Jakarta, INDONEWS.ID - Dewan Pakar MIPI Prof. Dr. Nurliah Nurdin, MA mengatakan pemilihan umum di Indonesia selalu ramai dengan berbagai dinamika wacana, termasuk yang saat ini sedang hangat adalah wacana penundaan pelaksanaan pemilu. Tidak ada alasan untuk menunda Pemilu. Namun, Posisi Pemerintah (eksekutif) yang saat ini berada dalam majority disebabkan dukungan koalisi partai di legislatif (parlemen) yang kuat dalam system presidential disebut unified government akan memudahkan setiap wacana tersebut untuk diangkat menjadi sesuatu yang nyata. Melakukan amandemen konsitusi misalnya, bisa saja dilakukan, hal itu adalah kesepakatan eksekutif dan legislative. Ini salah satu sisi positif dan titik lemah dari unified government tersebut, yaitu ketika setiap keputusan bisa dengan mudah diambil tanpa pertentangan antara anggota parlemen dan presiden. Hal ini terungkap pada Webinar dengan judul "Telaah Kritis Usul Perpanjangan Masa Jabatan Presiden dan Wakil Presiden" yang diselenggarakan oleh Masyarakat Ilmu Pemerintahan Indonesia (Indonesian Society of Governance Studies), pada hari Rabu 9 Maret 2022. Kegiatan ini diikuti oleh berbagai tokoh politik, akademisi, praktisi pemerintahan, dan masyarakat umum.

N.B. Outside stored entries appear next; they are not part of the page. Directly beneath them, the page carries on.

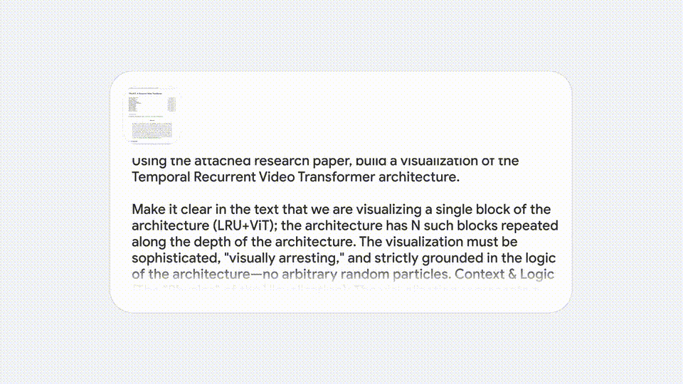 官方演示中,Gemini 3 Deep Think可以根据论文,为“时空循环视频Transformer”架构创建一个的视化方案。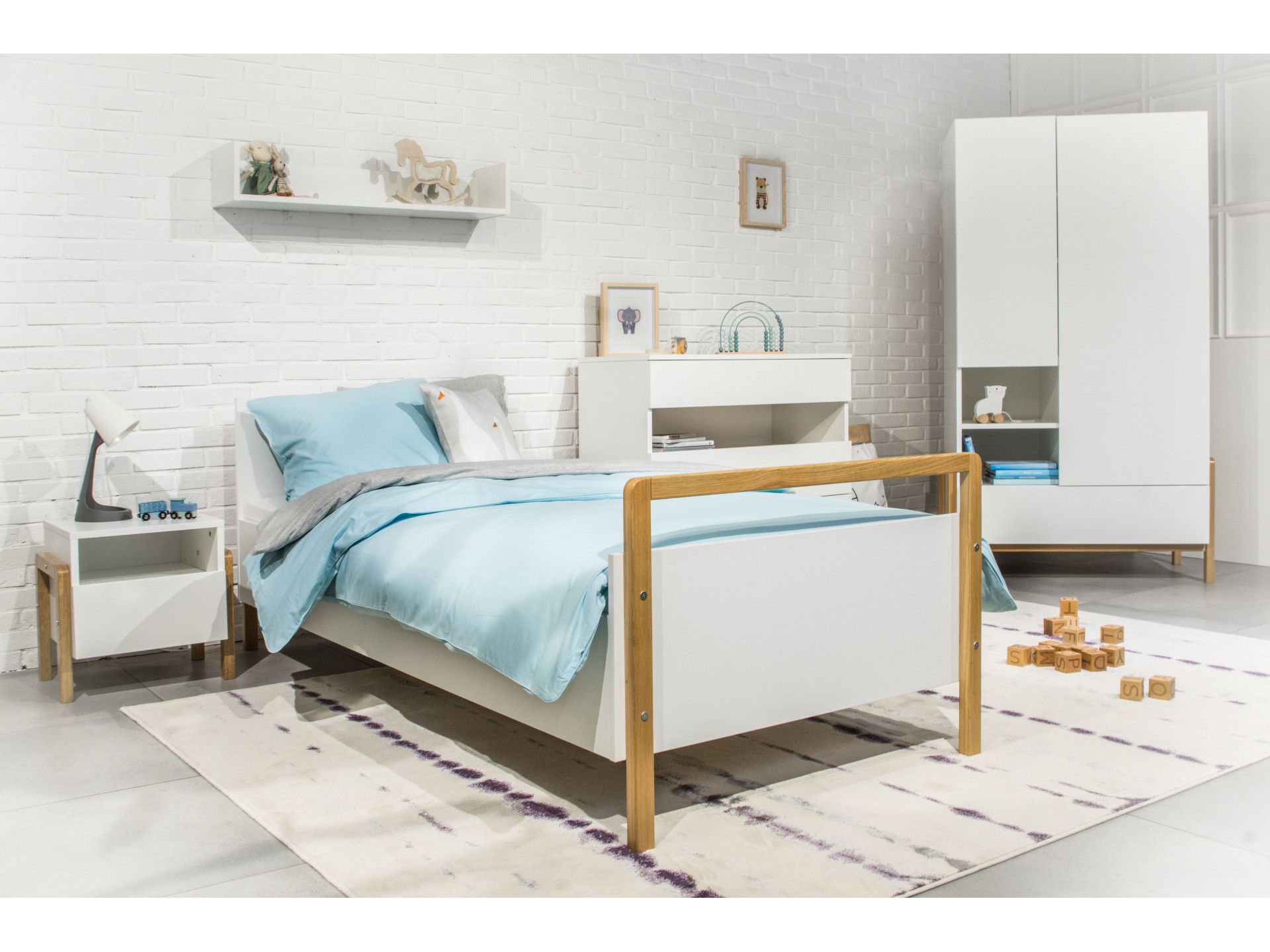 Lit enfant scandinave blanc et bois de chêne vernis Vanka 80x180-Matelas mousse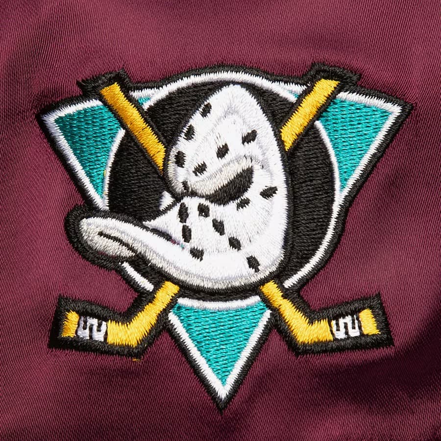 This purple baseball cap has a straight peak and a green bottom Mitchell & Ness Purple Anaheim Ducks Vintage Hockey Satin Dreams OG Snapback Hat will become a staple in any hat collection. Combining statement details and timeless style, the cap features a high-mounted crown and structured panels for a classic snapback shape. The intricate embroidery is a tribute to your favorite club, perfect for game day or just to support the Ducks.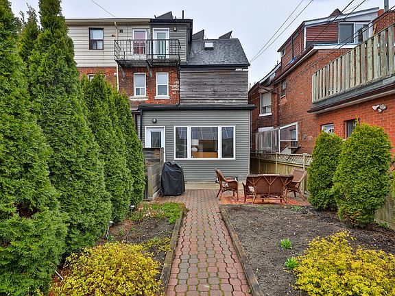 Over 1300 sq. ft luxury rental in bright, beautiful character home. Three bedrooms (or two bedrooms with additional living room with bay windows). Two floors in home on quiet, tree-lined street in heart of Little Italy. Renovated with exposed brick throughout. Garage parking available on request (please inquire). Hardwood floors, tall windows. 7 high end appliances. Gas fireplace. Modern open concept kitchen. In-suite laundry. Private second floor balcony and third floor Juliette balcony. Minutes to University of Toronto or financial district. Steps to College Street shops, restaurants and nightlife.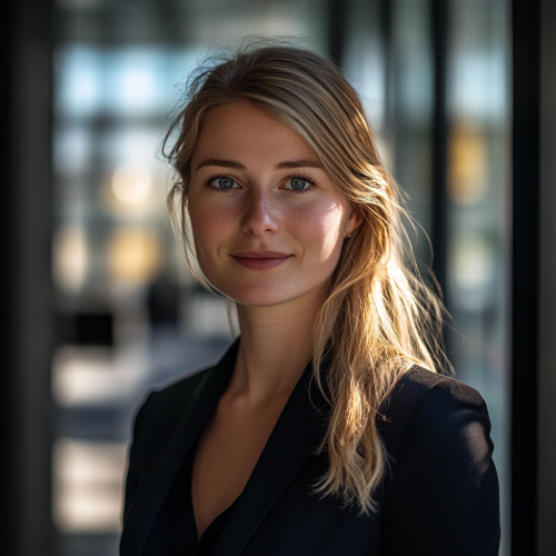 ‘Remove the terms working time and free time from your vocabulary. Replace them with life time and ask yourself: Does it make sense what I'm doing?’ create a very photorealistic image of an attractive smiling woman. The image should look like it was taken with a Fuji camera, with sharp details, natural shadows and a slight film-like grain. Camera specifications: Shot with a Fuji X100V with a 23mm f/2 lens, with a wide aperture to create a soft background blur while keeping the businesswoman in focus. Lighting should be soft, with a cool tone.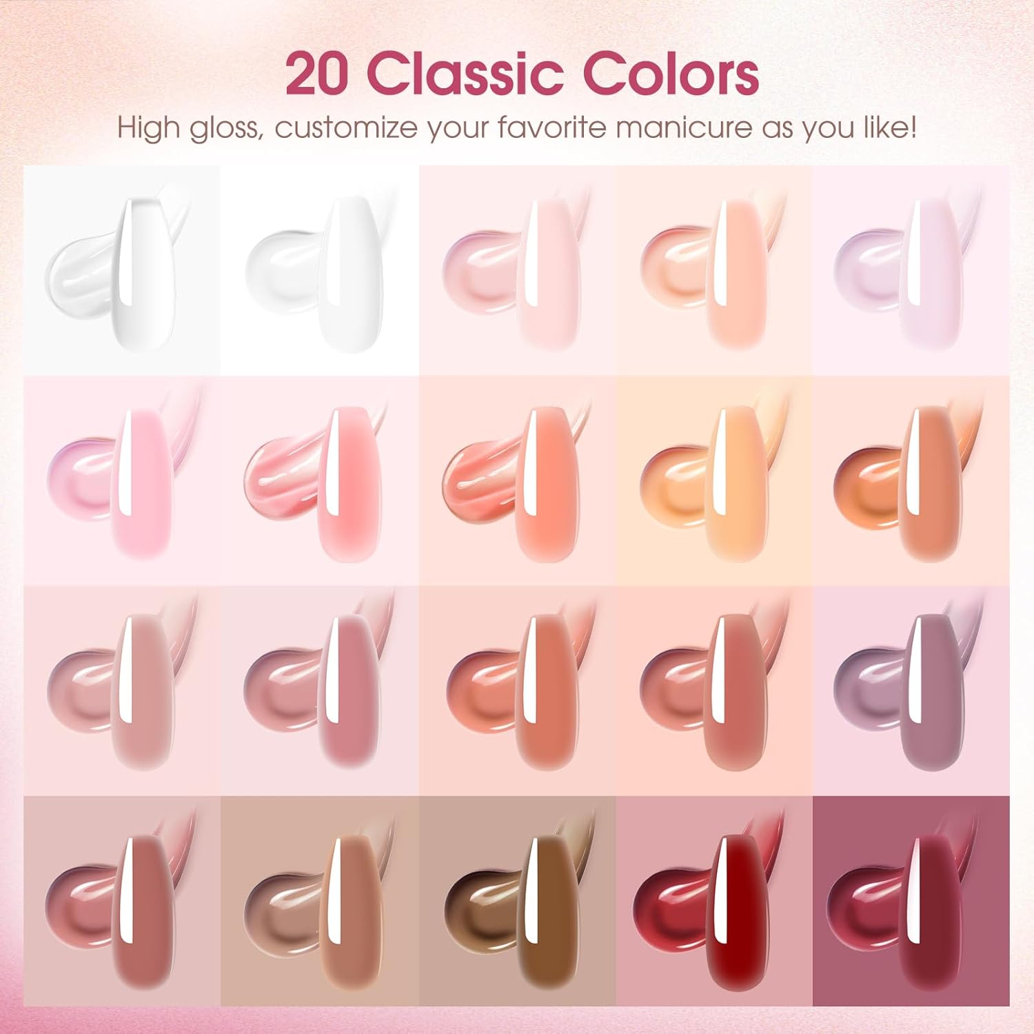 ROSALIND Poly Nail Gel Kit -20 Colors + 72Nail Art Accessories Kit, Nude Clear Poly Nail Gel Nail Kit Starter Kit with Big U V Lamp Slip Solution for Pink Nail Extensions Gel Dual Forms Nail Brush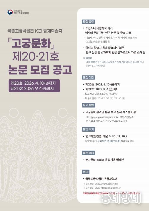 동네방네 김형규 기자 | 국가유산청 국립고궁박물관은 조선시대와 대한제국기의 역사·문화 연구를 활성화하기 위해 박물관에서 매년 발간하는 학술지 『고궁문화』 제20호와 제21호에 수록할 논문을 모집한다. 제20호는 올해 6월 30일, 제21호는 12월 30일 발간 예정이며, 논문 접수 마감일은 각각 4월 10일과 9월 4일이다.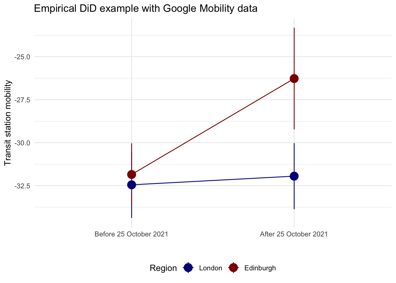 In this empirical example, the DiD estimate is the extra post-treatment change in London relative to the post-treatment change in Edinburgh. With these data, the estimate is about -5.08, meaning that transit station mobility in London fell by around 5 percentage points more than we would have expected from the change observed in Edinburgh.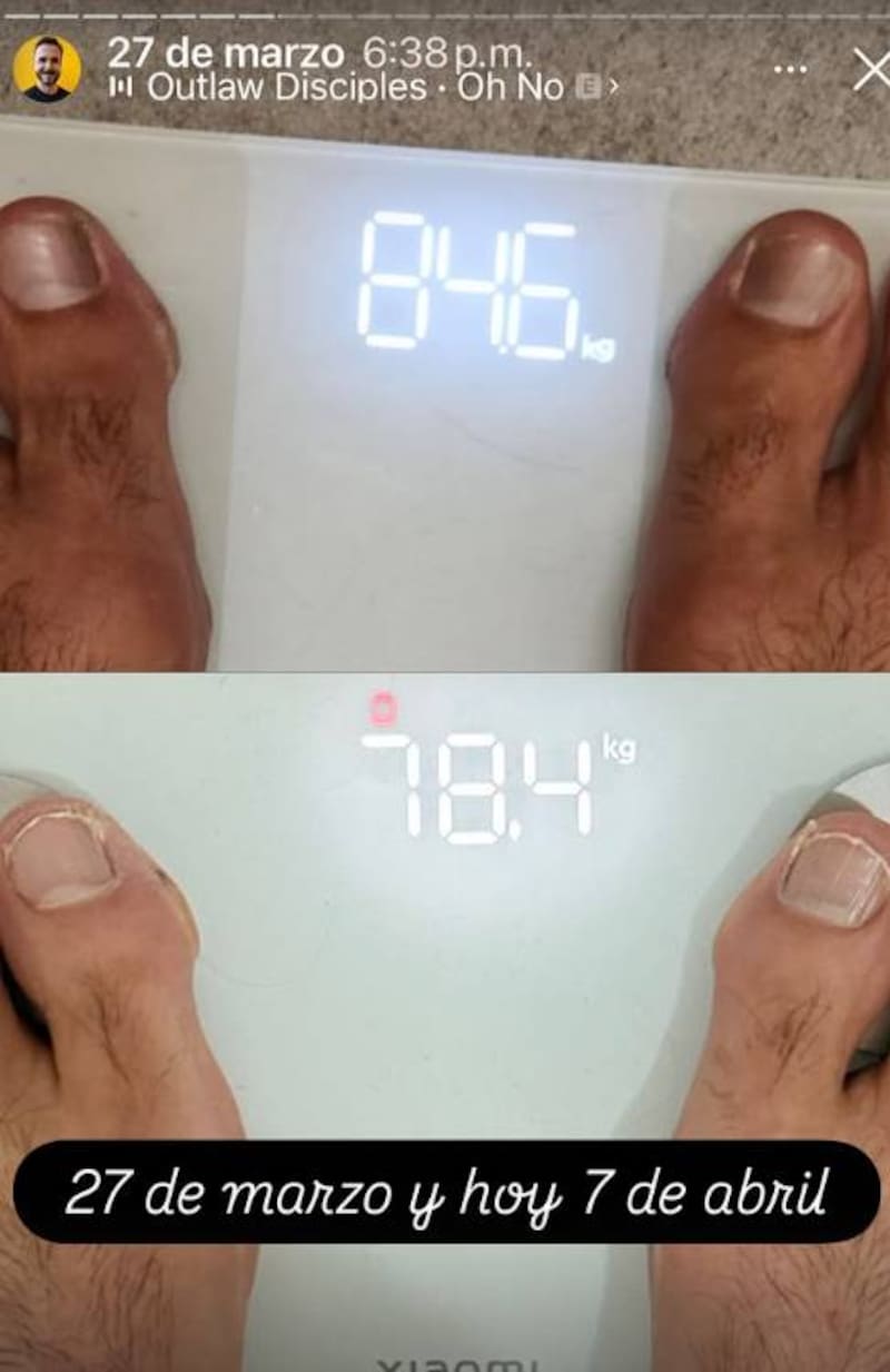 Primero, a través de su cuenta de Instagram subió una foto con información sobre su peso. En la primera, del 27 de marzo, estaba en 84.6 kilos.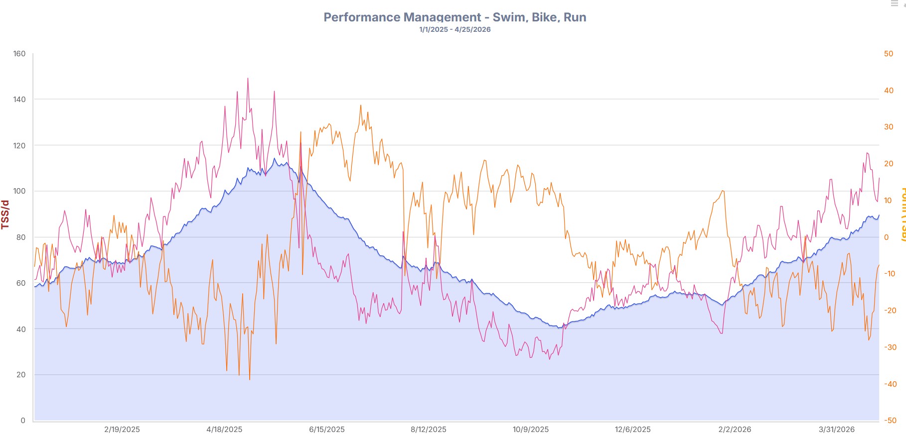 CTL, ATL und TSB werden im sogenannten Performance Management Chart grafisch dargestellt. Dieses Diagramm zeigt die langfristige Entwicklung von Fitness, Ermüdung und Form und macht komplexe Zusammenhänge auf einen Blick verständlich.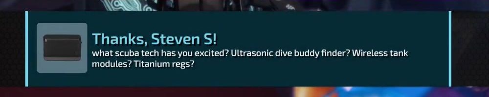 Thanks, Steven S! what scuba tech has you excited? Ultrasonic dive buddy finder? Wireless tank modules? Titanium regs?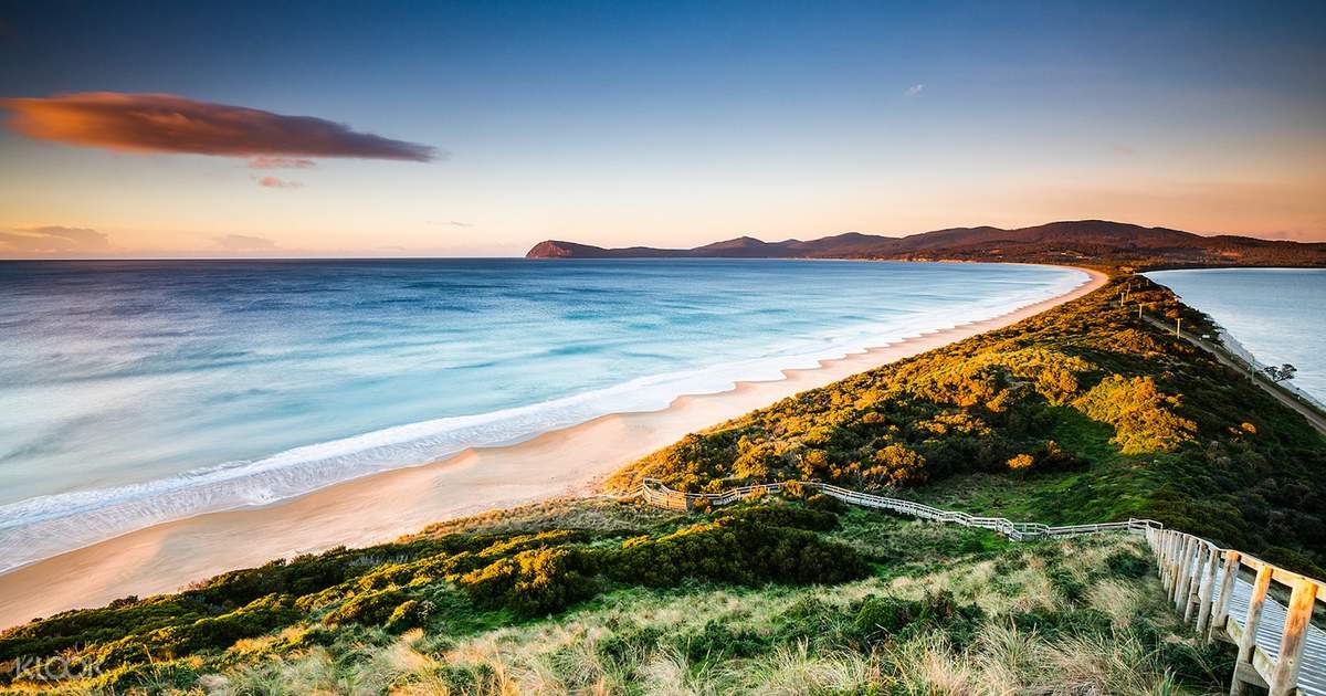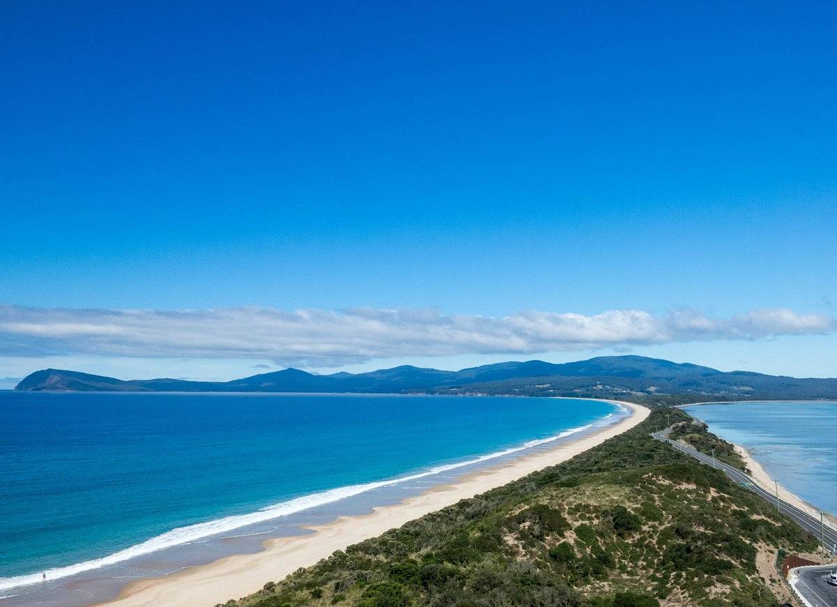 穿过霍巴特市区南行,抵达轮渡码头乘坐轮渡约20分钟后抵达布鲁尼岛,沿着海岸线行驶,穿梭于森林间,前往著名的南北一线,这条狭长的小径双月湾(The Neck), 如同细线一般将布尼岛的南部和北部链接起来,登上楚格尼尼公主瞭望台,两侧都是一望无际的大海。这里也是企鹅归巢的栖息地。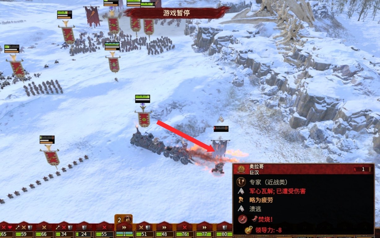 「食人魔」的部队特点是“”重质量、怪步、怪巨绞肉机”。咱们骑兵最多只冲的动孬不拉炮灰,而食人魔本族基本都要反冲锋的特性,所以骑兵这次就在后面支援就行了。

Dewan Pakar MIPI Prof. Dr. Nurliah Nurdin, MA., selaku pembicara pada kegiatan tersebut mengatakan bahwa Reformasi 1998-1999 tidak boleh dicederai., Amandemen Konstitusi oleh Parpol Reformer untuk membatasi masa jabatan Presiden jangan sampai terwujud karena melanggar konstitusi negara.
Presiden Jokowi menyatakan "Siapapun boleh boleh saja mengusulkan wacana penundaan Pemilu dan perpanjangan (masa jabatan Presiden) Menteri atau Partai Politik, karena itu kan demokrasi, bebas saja berpendapat. Tetapi, saat pelaksanaannya, semuanya harus tunduk dan taat pada konstitusi, kita bukan hanya taat dan tunduk, tetapi juga patuh pada konstitusi".
Pemilihan Umum merupakan amanat dari Undang-Undang Dasar 1945 pasal 7, dimana masa jabatan Presiden hanya lima tahun, dan menjadi sepuluh tahun (2 periode) jika Presiden tersebut terpilih kembali dalam Pemilu. Nurliah mengatakan bahwa Presiden Jokowi perlu menghentikan polemik dengan ketegasan sikap beliau. Bahkan tumpuan keberlanjutan demokrasi saat ini diharapkan dari pernyataan Ketum Partai Demokrasi Indonesia Perjuangan, Megawati Soekarnoputri untuk tegas menolak wacana tersebut. Demokrasi tergantung pada partai politik yang bertanggungjawab, yang harus bertindak sebagai penjaga proses demokrasi, fungsi pendidikan politik rakyat. Saat ini kita sangat membutuhkan negarawan (statemen), dimana ada dua karakteristiknya, pertama, jika satu kebijakan berhadapan dengan pertanyaan apakah ini telah menentang hak hak orang lain, jika melanggar hak orang lain maka jawabannya adalah Tidak, kedua, jika pertanyaan apakah ini melanggar konstitusi, jika melanggar konstitusi maka jawabannya adalah Tidak. Hitam Putih dan tidak berada pada ranah abu-abu.
Selain Prof. Dr. Nurliah Nurdin, MA., Direktur Politeknik STIA LAN Jakarta/ Dewan Pakar MIPI, webinar ini juga menghadirkan Prof. Dr. Abdul Muti, M.Ed., selaku Sekretaris Umum Pengurus Pusat Muhammadiyah, dan Ray Rangkuti, dari Lingkar Madani Indonesia. Webinar ini ditutup dengan pemaparan dari Sekjen Masyarakat Ilmu Pemerintahan Indonesia Bahar Thahir.
Semoga, dengan webinar ini masyarakat dan para negarawan tercerahkan agar tidak terbujuk oleh wacana penundaan pemilu dengan alasan pandemi dan program pembangunan yang belum usai, sebab hal itu akan semakin memperparah kondisi demokrasi Indonesia yang masih banyak memerlukan perbaikan dan tantangan, menuju Indonesia Emas 2045.